• **Brief**
The data should be written out in full, exactly as it stands, and the pictures dropped.

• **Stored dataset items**
--- START ---

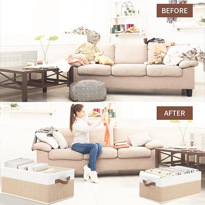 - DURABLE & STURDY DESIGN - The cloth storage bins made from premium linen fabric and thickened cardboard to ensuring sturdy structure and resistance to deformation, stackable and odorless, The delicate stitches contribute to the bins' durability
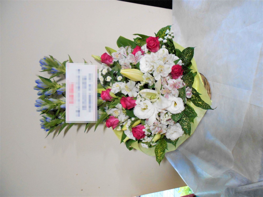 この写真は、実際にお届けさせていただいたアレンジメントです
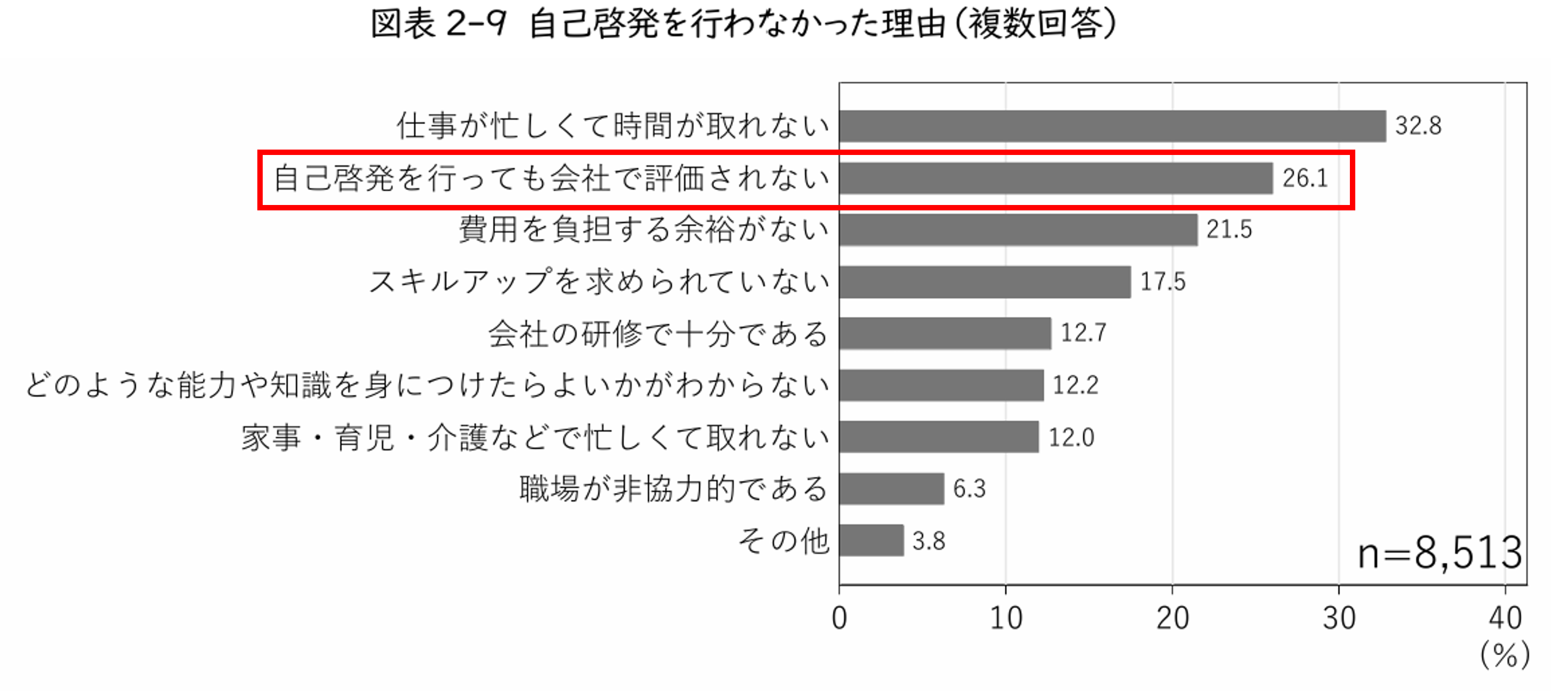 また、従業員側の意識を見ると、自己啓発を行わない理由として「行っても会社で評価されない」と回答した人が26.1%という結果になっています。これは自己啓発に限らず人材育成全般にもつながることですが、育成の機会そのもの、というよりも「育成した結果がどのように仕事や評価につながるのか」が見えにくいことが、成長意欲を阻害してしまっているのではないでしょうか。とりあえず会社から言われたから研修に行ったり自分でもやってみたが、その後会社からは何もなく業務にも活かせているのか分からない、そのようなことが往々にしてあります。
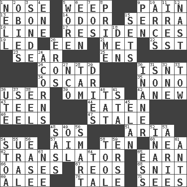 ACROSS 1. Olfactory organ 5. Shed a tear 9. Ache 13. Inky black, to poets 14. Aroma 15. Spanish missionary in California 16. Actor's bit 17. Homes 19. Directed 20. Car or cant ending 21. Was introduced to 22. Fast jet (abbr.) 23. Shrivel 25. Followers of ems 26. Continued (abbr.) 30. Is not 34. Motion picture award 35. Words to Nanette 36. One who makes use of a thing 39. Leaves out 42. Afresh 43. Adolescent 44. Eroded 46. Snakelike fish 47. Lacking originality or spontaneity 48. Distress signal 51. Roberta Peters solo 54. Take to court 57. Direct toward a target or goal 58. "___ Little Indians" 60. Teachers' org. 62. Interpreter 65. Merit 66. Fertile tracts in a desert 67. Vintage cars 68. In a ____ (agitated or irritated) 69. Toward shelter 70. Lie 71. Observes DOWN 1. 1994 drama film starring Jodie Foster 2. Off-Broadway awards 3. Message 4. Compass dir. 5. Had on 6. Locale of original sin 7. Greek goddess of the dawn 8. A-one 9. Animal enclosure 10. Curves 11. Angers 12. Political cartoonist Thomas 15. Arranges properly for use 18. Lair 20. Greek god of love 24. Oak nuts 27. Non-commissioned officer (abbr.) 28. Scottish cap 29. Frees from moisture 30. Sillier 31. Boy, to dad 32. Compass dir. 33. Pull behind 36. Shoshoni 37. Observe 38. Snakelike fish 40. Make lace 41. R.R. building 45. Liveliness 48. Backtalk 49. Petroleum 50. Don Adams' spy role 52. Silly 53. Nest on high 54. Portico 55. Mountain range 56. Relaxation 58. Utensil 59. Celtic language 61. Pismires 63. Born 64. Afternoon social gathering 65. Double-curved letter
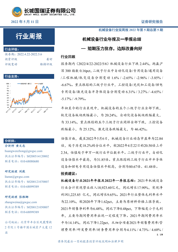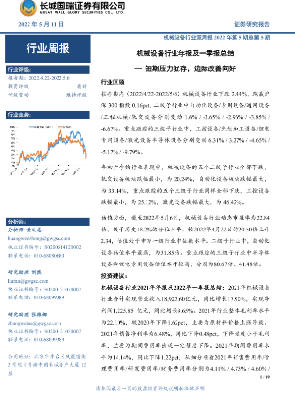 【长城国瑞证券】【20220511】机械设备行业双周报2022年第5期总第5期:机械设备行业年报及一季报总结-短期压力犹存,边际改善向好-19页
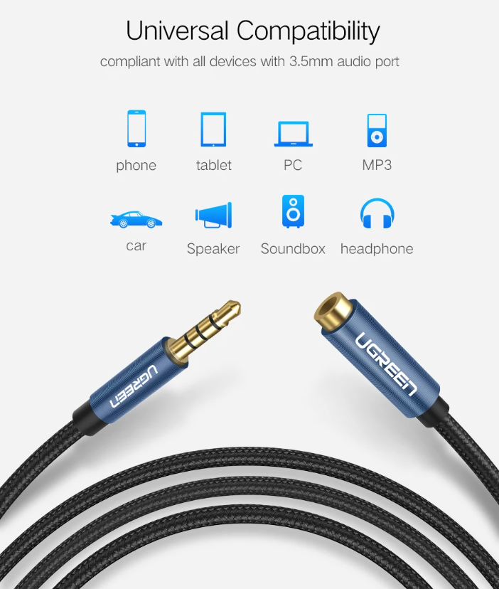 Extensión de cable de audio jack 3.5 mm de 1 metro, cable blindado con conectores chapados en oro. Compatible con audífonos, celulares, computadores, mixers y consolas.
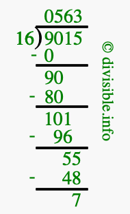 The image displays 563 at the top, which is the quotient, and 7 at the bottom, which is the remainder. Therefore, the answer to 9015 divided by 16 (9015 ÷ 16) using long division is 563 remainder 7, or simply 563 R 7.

--- END ---

• **Reply**
 - DURABLE & STURDY DESIGN - The cloth storage bins made from premium linen fabric and thickened cardboard to ensuring sturdy structure and resistance to deformation, stackable and odorless, The delicate stitches contribute to the bins' durability
 この写真は、実際にお届けさせていただいたアレンジメントです
 また、従業員側の意識を見ると、自己啓発を行わない理由として「行っても会社で評価されない」と回答した人が26.1%という結果になっています。これは自己啓発に限らず人材育成全般にもつながることですが、育成の機会そのもの、というよりも「育成した結果がどのように仕事や評価につながるのか」が見えにくいことが、成長意欲を阻害してしまっているのではないでしょうか。とりあえず会社から言われたから研修に行ったり自分でもやってみたが、その後会社からは何もなく業務にも活かせているのか分からない、そのようなことが往々にしてあります。
 ACROSS 1. Olfactory organ 5. Shed a tear 9. Ache 13. Inky black, to poets 14. Aroma 15. Spanish missionary in California 16. Actor's bit 17. Homes 19. Directed 20. Car or cant ending 21. Was introduced to 22. Fast jet (abbr.) 23. Shrivel 25. Followers of ems 26. Continued (abbr.) 30. Is not 34. Motion picture award 35. Words to Nanette 36. One who makes use of a thing 39. Leaves out 42. Afresh 43. Adolescent 44. Eroded 46. Snakelike fish 47. Lacking originality or spontaneity 48. Distress signal 51. Roberta Peters solo 54. Take to court 57. Direct toward a target or goal 58. "___ Little Indians" 60. Teachers' org. 62. Interpreter 65. Merit 66. Fertile tracts in a desert 67. Vintage cars 68. In a ____ (agitated or irritated) 69. Toward shelter 70. Lie 71. Observes DOWN 1. 1994 drama film starring Jodie Foster 2. Off-Broadway awards 3. Message 4. Compass dir. 5. Had on 6. Locale of original sin 7. Greek goddess of the dawn 8. A-one 9. Animal enclosure 10. Curves 11. Angers 12. Political cartoonist Thomas 15. Arranges properly for use 18. Lair 20. Greek god of love 24. Oak nuts 27. Non-commissioned officer (abbr.) 28. Scottish cap 29. Frees from moisture 30. Sillier 31. Boy, to dad 32. Compass dir. 33. Pull behind 36. Shoshoni 37. Observe 38. Snakelike fish 40. Make lace 41. R.R. building 45. Liveliness 48. Backtalk 49. Petroleum 50. Don Adams' spy role 52. Silly 53. Nest on high 54. Portico 55. Mountain range 56. Relaxation 58. Utensil 59. Celtic language 61. Pismires 63. Born 64. Afternoon social gathering 65. Double-curved letter
 【长城国瑞证券】【20220511】机械设备行业双周报2022年第5期总第5期:机械设备行业年报及一季报总结-短期压力犹存,边际改善向好-19页
 Extensión de cable de audio jack 3.5 mm de 1 metro, cable blindado con conectores chapados en oro. Compatible con audífonos, celulares, computadores, mixers y consolas.
 The image displays 563 at the top, which is the quotient, and 7 at the bottom, which is the remainder. Therefore, the answer to 9015 divided by 16 (9015 ÷ 16) using long division is 563 remainder 7, or simply 563 R 7.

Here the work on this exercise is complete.